## Work item:
Images appear in the records below; leave them out and repeat everything else exactly.

........

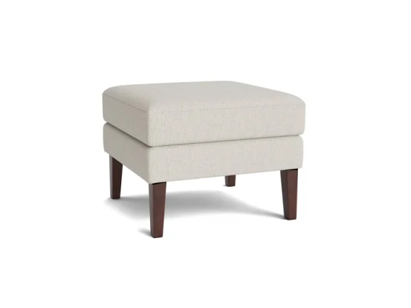 An ottoman completes the room. A Danbury Leather Ottoman does that and so much more. Completely customized to your liking, this ottoman complements your sofa or sectional or adds a playful contrast that ties it all together. Webbed seating construction means you can comfortably settle your feet or a decorative tray, or even use it as a seat. A tufted top and tall, tapered wood legs in a walnut finish give it a clean look. Choose your leather from a range of possibilities.
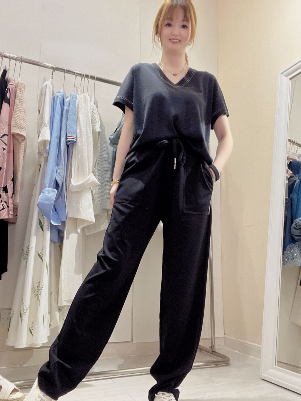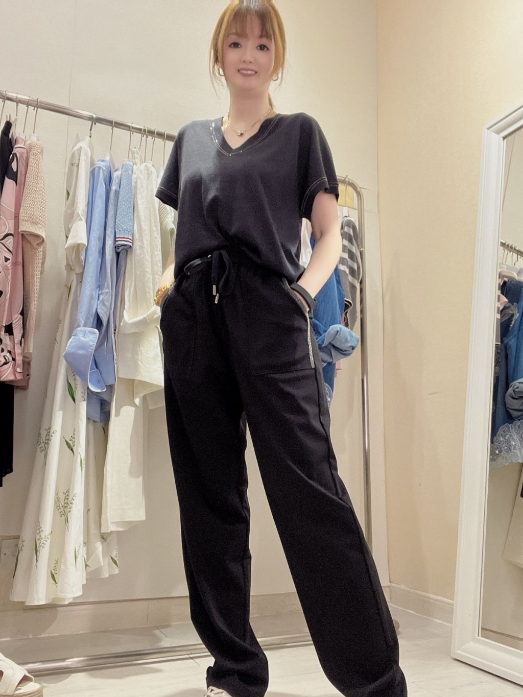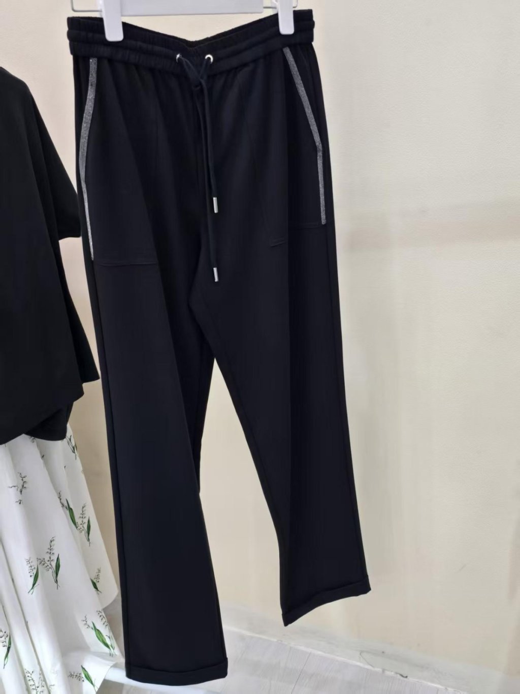 CM28 黑色珠帶側袋邊長褲
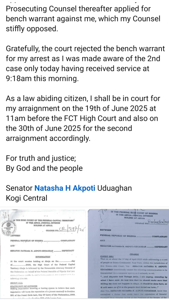 > “As a law-abiding citizen, I shall be in court for my arraignment on the 19th of June 2025 at 11am before the FCT High Court, and also on the 30th of June 2025 for the second arraignment accordingly,” Akpoti-Uduaghan stated.
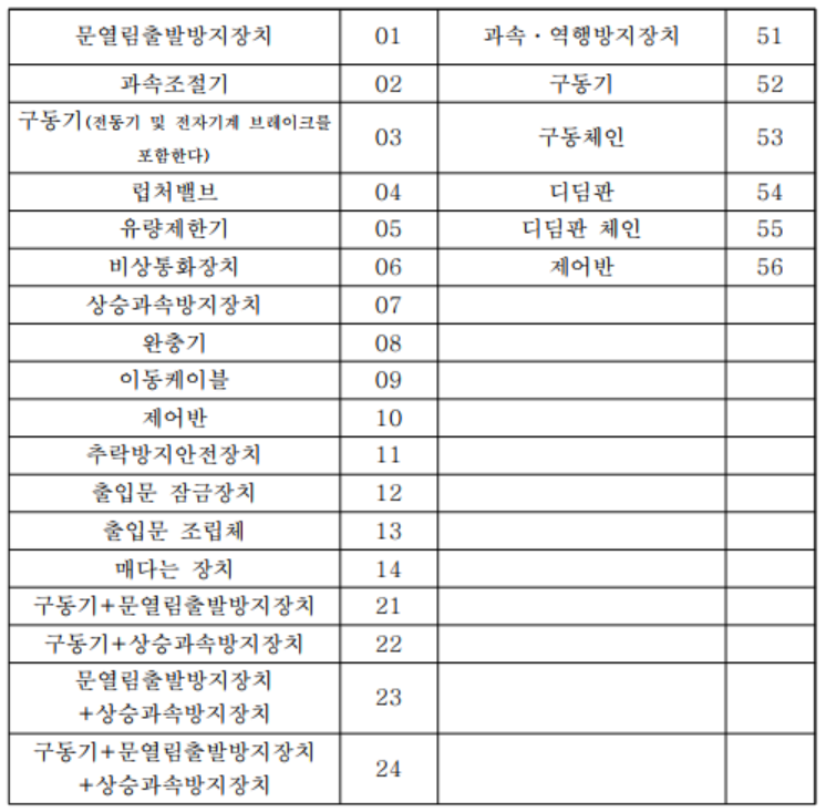③ 분류별 구분코드: 장치의 종류를 식별하는 2자리 숫자입니다. 예를 들어 과속조절기는 02, 제어반은 10, 전기식 엘리베이터는 71로 분류됩니다.
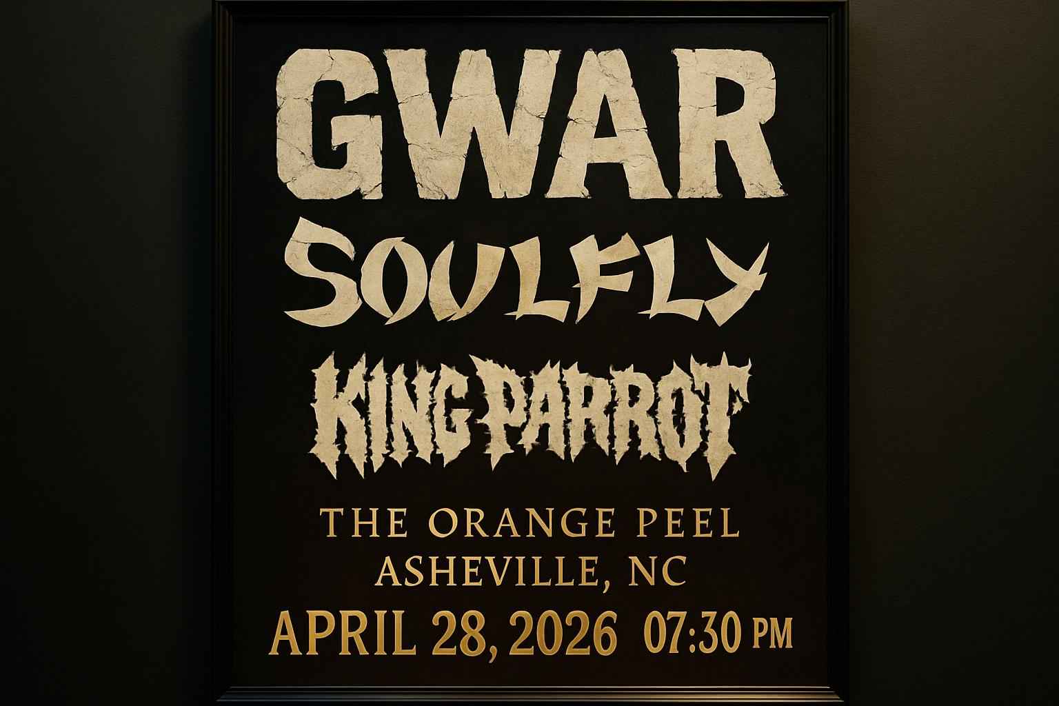 The GWAR Soulfly King Parrot lineup features hard-hitting performances and special collaborations exclusive to this tour stop. Expect a mix of classic tracks new singles and fan favorites for a dynamic setlist. Metal fans from Asheville and surrounding areas will not want to miss this night of intense music and theatrical stagecraft. Follow RSVP Event Agency for setlist updates and show highlights.
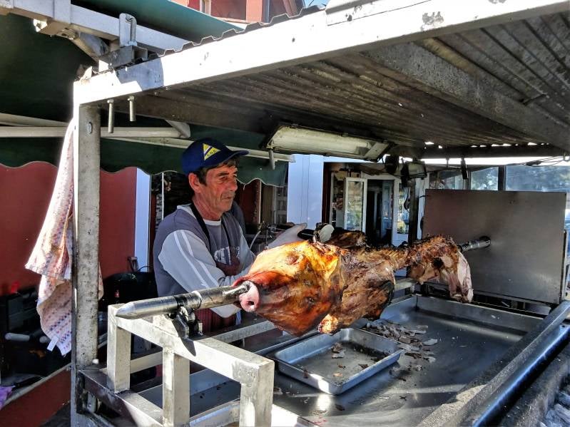 We beginnen de dag dus met een ritje naar de garage. De camper start zonder problemen en in de garage blijkt dat na de rit van dertig kilometer de accu's helemaal vol zitten. Vervolgens rijden we verder naar de kust, naar Falesia. Een poging om daar een afspraak te maken met de "vaste pedicure" van Wobbie, mislukt. De agenda van de mevrouw zit deze week helemaal vol. We zoeken een parkeerplaats op aan zee, bij een nu gesloten strandtent. En daar, bij Praia Dos Tomates, staan nog twintig andere campers, gewoon "in het wild". Wij maken een flinke wandeling langs de prachtige kust. En omdat we er toch zijn en het wel vijfentwintig graden is in de zon, eten we buiten. De één na laatste stop vandaag is bij de Lidl en Aldi in Albufeira. We moeten hamsteren voor de reis naar Marokko, en dan met name zaken die daar moeilijk te krijgen zijn. Deze keer gaan we voor varkensvlees: spek, worst, gehakt en wat niet al. Terug bij de camper wordt alles "her-verpakt" en gaat de diepvries in. Nu de drank nog, maar die halen we in Spanje. Op vrijdagmorgen eerst een pittige wandeling. Hoog op een bergkam, bij het gehucht Pico Alte, staan drie windturbines, van waaruit je een prachtig uitzicht hebt over de omgeving. De weg erheen is vijf kilometer klimmen en erg pittig. Maar het uitzicht maakt alles goed, vooral omdat de lucht erg helder is. De route terug verzinnen we zelf. En die gaat via een drooggevallen sloot, een kilometer stijl naar beneden: een avontuur op zich. Terug bij de camper hebben we geen tijd om bij te komen. We willen uit eten en dat moet hier tussen één en drie uur. We gaan op de fiets naar het gehucht Campilhos, het restaurant heet "O Petisco", waar we al vaker geweest zijn. Op vrijdagmiddag zitten daar de drie eetzalen vol, want dan staat er speenvarken aan het spit op het menu. Die wordt buiten naast de voordeur klaargemaakt op een soort giga-barbeque. De hele omgeving ruikt naar gegrild speenvarken. Binnen worden alle tafels voorzien van een schaal vlees. Aangevuld met een soort bonen in tomatensaus en een bak chips. We hebben heerlijk gegeten. Terug bij de camper kunnen we nog even uitblazen in de zon. Die gaat hier om een uur of vijf onder, waarna iedereen in de camper verdwijnt.

........

## Response to the exercise:
 An ottoman completes the room. A Danbury Leather Ottoman does that and so much more. Completely customized to your liking, this ottoman complements your sofa or sectional or adds a playful contrast that ties it all together. Webbed seating construction means you can comfortably settle your feet or a decorative tray, or even use it as a seat. A tufted top and tall, tapered wood legs in a walnut finish give it a clean look. Choose your leather from a range of possibilities.
 CM28 黑色珠帶側袋邊長褲
 > “As a law-abiding citizen, I shall be in court for my arraignment on the 19th of June 2025 at 11am before the FCT High Court, and also on the 30th of June 2025 for the second arraignment accordingly,” Akpoti-Uduaghan stated.
③ 분류별 구분코드: 장치의 종류를 식별하는 2자리 숫자입니다. 예를 들어 과속조절기는 02, 제어반은 10, 전기식 엘리베이터는 71로 분류됩니다.
 The GWAR Soulfly King Parrot lineup features hard-hitting performances and special collaborations exclusive to this tour stop. Expect a mix of classic tracks new singles and fan favorites for a dynamic setlist. Metal fans from Asheville and surrounding areas will not want to miss this night of intense music and theatrical stagecraft. Follow RSVP Event Agency for setlist updates and show highlights.
 We beginnen de dag dus met een ritje naar de garage. De camper start zonder problemen en in de garage blijkt dat na de rit van dertig kilometer de accu's helemaal vol zitten. Vervolgens rijden we verder naar de kust, naar Falesia. Een poging om daar een afspraak te maken met de "vaste pedicure" van Wobbie, mislukt. De agenda van de mevrouw zit deze week helemaal vol. We zoeken een parkeerplaats op aan zee, bij een nu gesloten strandtent. En daar, bij Praia Dos Tomates, staan nog twintig andere campers, gewoon "in het wild". Wij maken een flinke wandeling langs de prachtige kust. En omdat we er toch zijn en het wel vijfentwintig graden is in de zon, eten we buiten. De één na laatste stop vandaag is bij de Lidl en Aldi in Albufeira. We moeten hamsteren voor de reis naar Marokko, en dan met name zaken die daar moeilijk te krijgen zijn. Deze keer gaan we voor varkensvlees: spek, worst, gehakt en wat niet al. Terug bij de camper wordt alles "her-verpakt" en gaat de diepvries in. Nu de drank nog, maar die halen we in Spanje. Op vrijdagmorgen eerst een pittige wandeling. Hoog op een bergkam, bij het gehucht Pico Alte, staan drie windturbines, van waaruit je een prachtig uitzicht hebt over de omgeving. De weg erheen is vijf kilometer klimmen en erg pittig. Maar het uitzicht maakt alles goed, vooral omdat de lucht erg helder is. De route terug verzinnen we zelf. En die gaat via een drooggevallen sloot, een kilometer stijl naar beneden: een avontuur op zich. Terug bij de camper hebben we geen tijd om bij te komen. We willen uit eten en dat moet hier tussen één en drie uur. We gaan op de fiets naar het gehucht Campilhos, het restaurant heet "O Petisco", waar we al vaker geweest zijn. Op vrijdagmiddag zitten daar de drie eetzalen vol, want dan staat er speenvarken aan het spit op het menu. Die wordt buiten naast de voordeur klaargemaakt op een soort giga-barbeque. De hele omgeving ruikt naar gegrild speenvarken. Binnen worden alle tafels voorzien van een schaal vlees. Aangevuld met een soort bonen in tomatensaus en een bak chips. We hebben heerlijk gegeten. Terug bij de camper kunnen we nog even uitblazen in de zon. Die gaat hier om een uur of vijf onder, waarna iedereen in de camper verdwijnt.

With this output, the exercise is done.